Prof. Harry Barkema, Prof. Jacqueline-Coyle Shapiro, Dr Eva Le Grand
Abstract
This mixed-method research combines in-depth interviews and longitudinal surveys regarding teachers and learners from an NGO educating 25,000 children in informal settlements across Ahmedabad, Bihar, and Uttar Pradesh. Using nine data waves, we found that teachers, often from the local community, meaningfully shape their work, enhancing social impact for learners. We identify key challenges and enablers that allow teachers to craft their work meaningfully and effectively for social impact. Additionally, we extend the Sen/Nussbaum theoretical lens to develop a framework that can be used to identify and measure what specific target groups have reason to value to be and to do in context (i.e., their socio-cultural, economic, industry-context), and apply it to measuring the teachers’ social impact on learners in these informal settlements.
How we change the conversation
Our research challenges mainstream beliefs that top-down policies foster human flourishing for employees and learners in poverty contexts.
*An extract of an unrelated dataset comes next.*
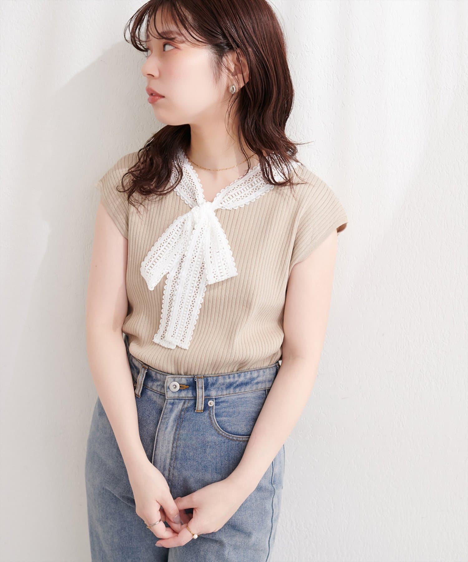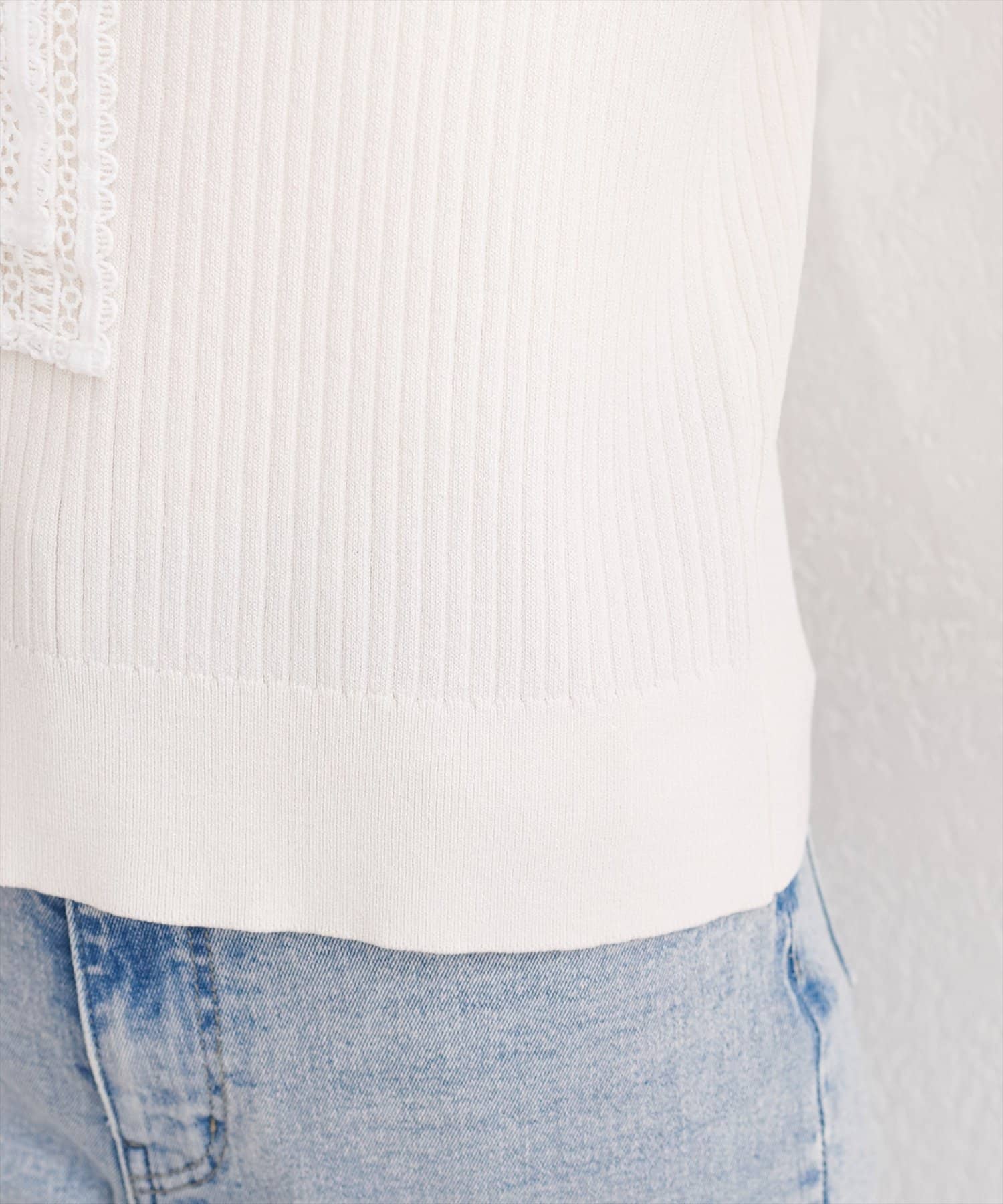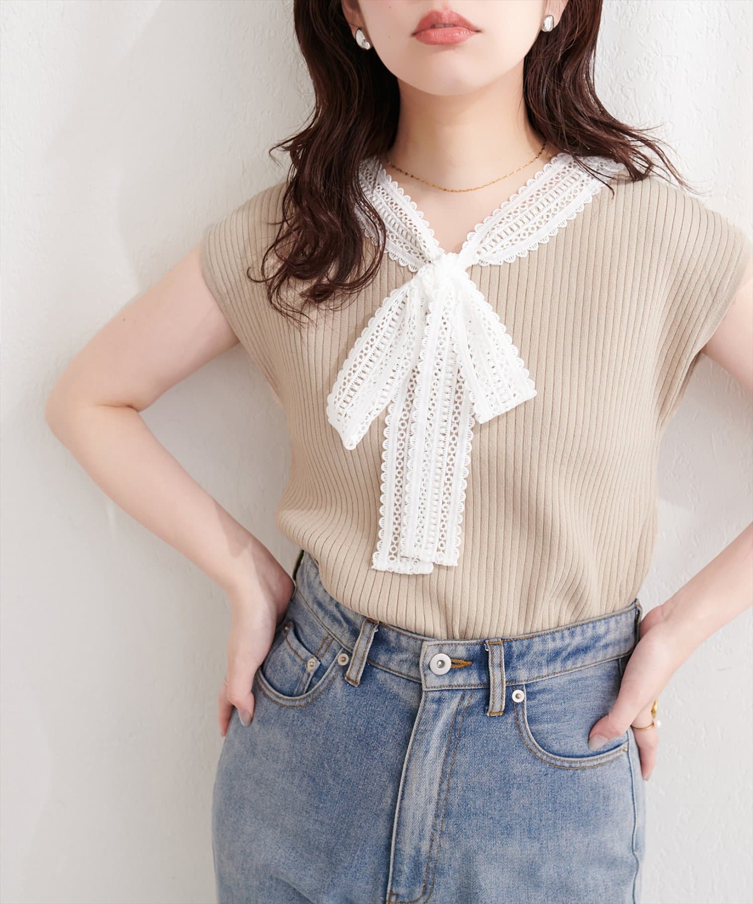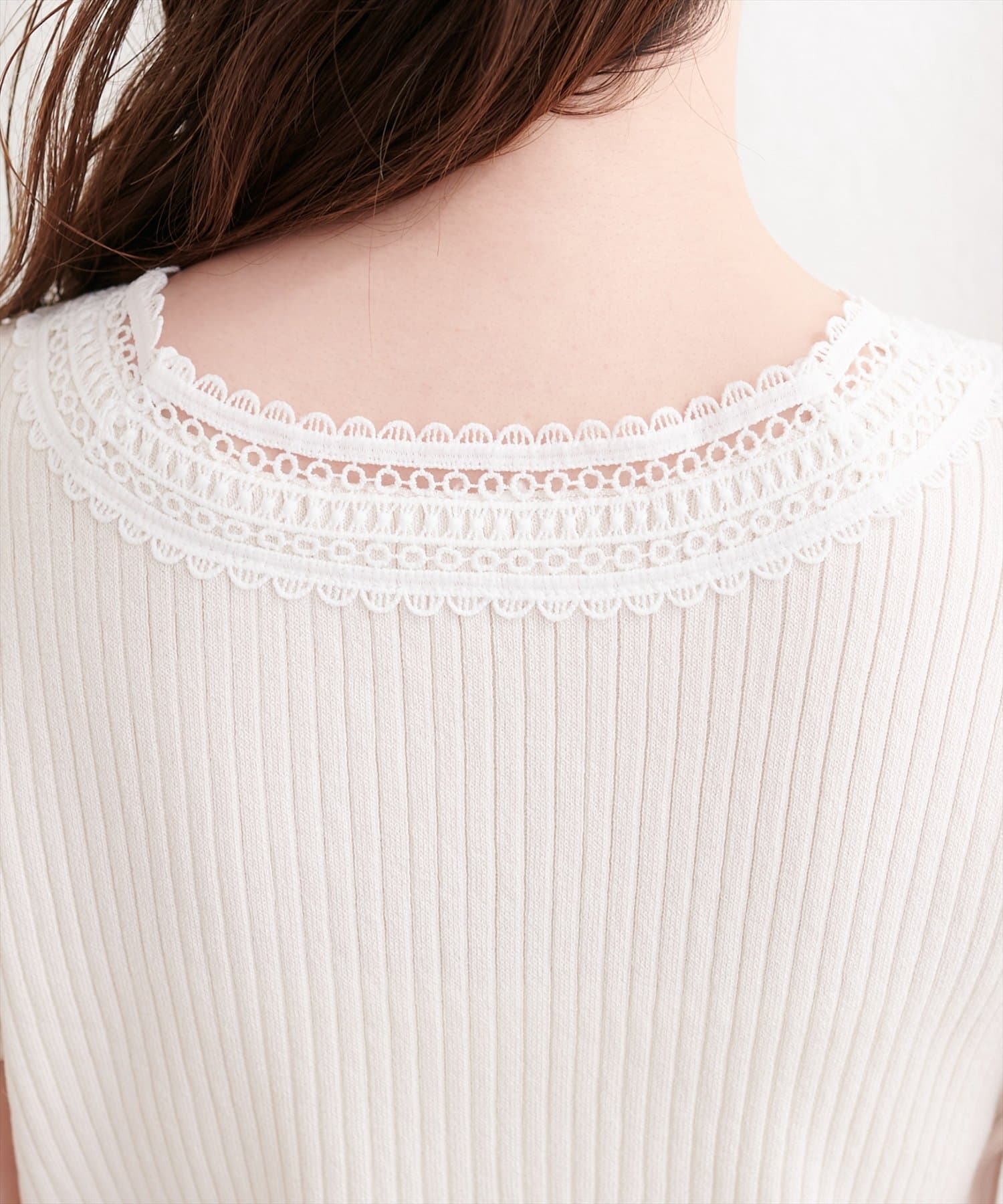シンプルなシルエットながらも、レースの存在感が際立ち、上品な着こなしを叶えます。

Instead, we unravel how schools can innovate by unleashing the agency, local knowledge, and inclination of (female) teachers to craft their roles meaningfully, ultimately improving learners’ human flourishing. Our new framework enables funders, policymakers, and organisations to identify and measure what target groups have reason to value in a diversity of contexts, which is key for designing social interventions, and for monitoring, evaluating, learning, and innovating these further towards human flourishing.